And you don't need tens or hundreds of GPUs to be coordinating to give you an answer back. You've got that one GPU or eight tightly coupled GPUs giving you that answer back. And that is amenable. That is great for for edge computing and we can certainly supply that.

Scaling Edge Data Centers

So a thought experiment that I've given people recently in thinking about this is Let's just say that you need a gigawatt of inference compute in five years from now or seven years from now, something like that. You think you need a gigawatt. Um Wherein the demand for that gigawatt is is geographically centralized somewhere. Let's just say you need a gigawatt of inference you think you're gonna need a gigawatt of inference compute to serve the Dallas metropolitan area, whatever it might be.

At that point, a few years from now, then this is back to the the power perspective, is it going to be easier for you to find and cite a one gigawatt site? or 110 megawatt sites within that geographic region. Um Today, I think it is still probably easier to find the gigawatt site, or at least the past couple of years it has been.

But there are that many gigawatt sites out there from a power availability perspective.

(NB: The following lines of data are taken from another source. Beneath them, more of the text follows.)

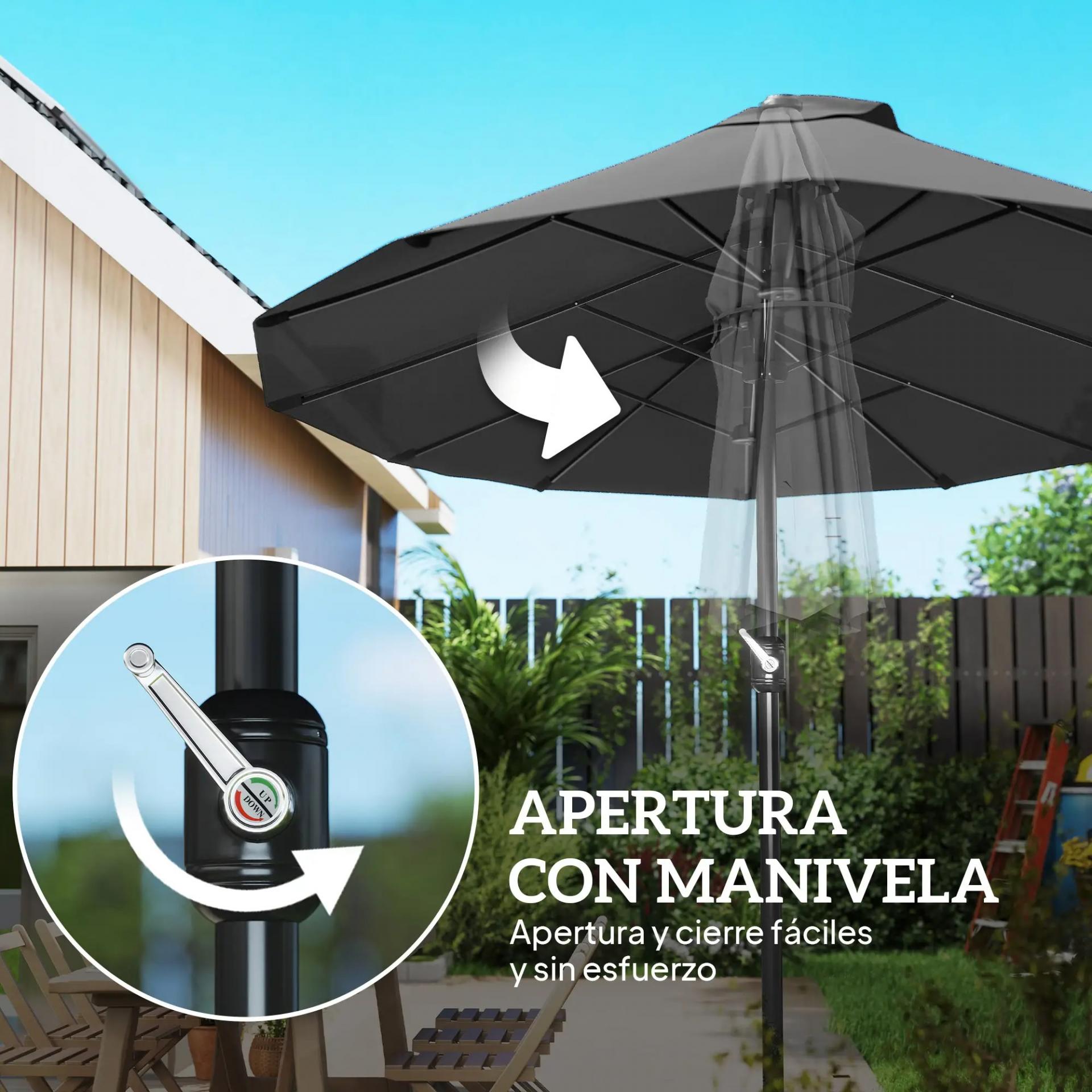 - APERTURA Y CIERRE CON MANIVELA: Sombrilla de jardín muy fácil de usar gracias a su mecanismo de apertura y cierre mediante manivela manual. La manivela está situada en el mismo mástil por lo que te será muy fácil de utilizar y regular según tus necesidades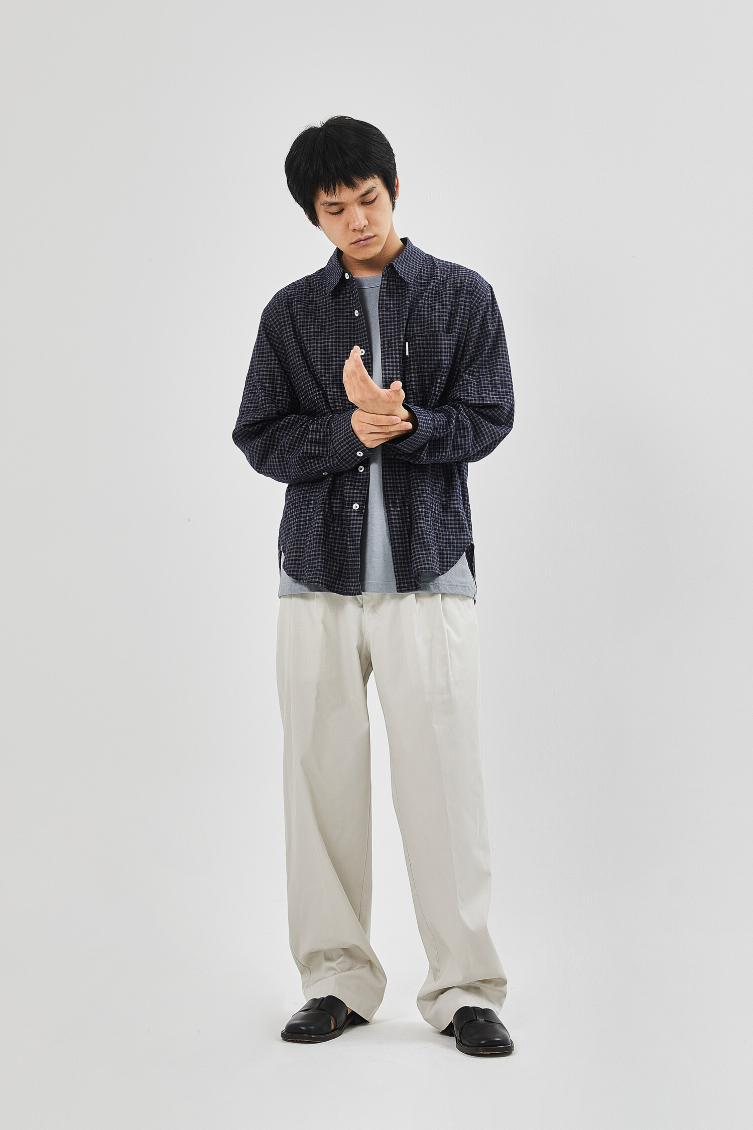 그 어떤 설명보다 체크 셔츠라는 말이 가장 정확한 제품입니다. 체크의 패턴이 과하지 않기 때문에 부담스럽지 않게 입을 수 있으며 단품으로 입어도 좋고 티셔츠 위에 살짝 걸쳐 입어도 좋은 제품입니다. 봄부터 여름까지 추천합니다.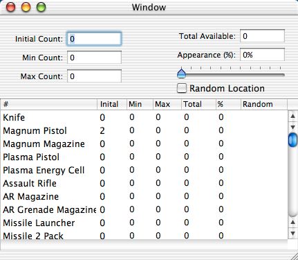 This is similar to Forge's Set Item/Monster Parameters panels. Starting with the number of that particular object on the map you can specify whether they can be replenished, how often, a minimum and maximum number and a total stock. All monsters and weapons are present on this one panel. The infinite number option that was in Forge is obtainable by setting the "Available" number to 0, contradictory as it sounds.

So at some point is that going to flip and is it going to be easier to build 110 megawatt sites, which is sounds really hard to do and indeed is, but these are all hard problems.

So if that happens, do you think that we are going to see a significant portion of that inference workload move to that type of scale? Is that the right scale? Like should we be looking at 10 megawatt sites, 100 megawatt sites, one megawatt sites? How far to the edge do we want to go? Yeah, absolutely. And I I agree with the premise of that question one hundred percent. I think that there are two reasons

to go to smaller in many smaller data centers. The first is the one you mentioned, power power provisioning uh and connections to the grid. The second is uh the fact that you don't need Massive GPU coordination for an inference workload. Um, I I guess the catch might be that if you are thinking about

your existing edge data centers, maybe you've got data centers in downtown Los Angeles or something like that already serving workloads. Those workloads may not be configured to handle GPU and AI compute. Uh they may have uh po power delivery infrastructure that was optimized for CPUs. They might have um HVAC systems optimized for the much lower power density of CPUs. So it's not simply a matter of pulling out your CPUs and replacing them with GPUs. You're gonna you may have to retrofit the

the facility itself to support that. Uh but I I agree. I think finding capacity there may eventually become easier than finding the next uh thousand uh megawatts. Is there any limitation? I can imagine I'm trying to think of why you wouldn't do that. Um, you know, you need to sort of house all of the you need to have a fair amount of memory, you need to house all the model weights and so on in every individual.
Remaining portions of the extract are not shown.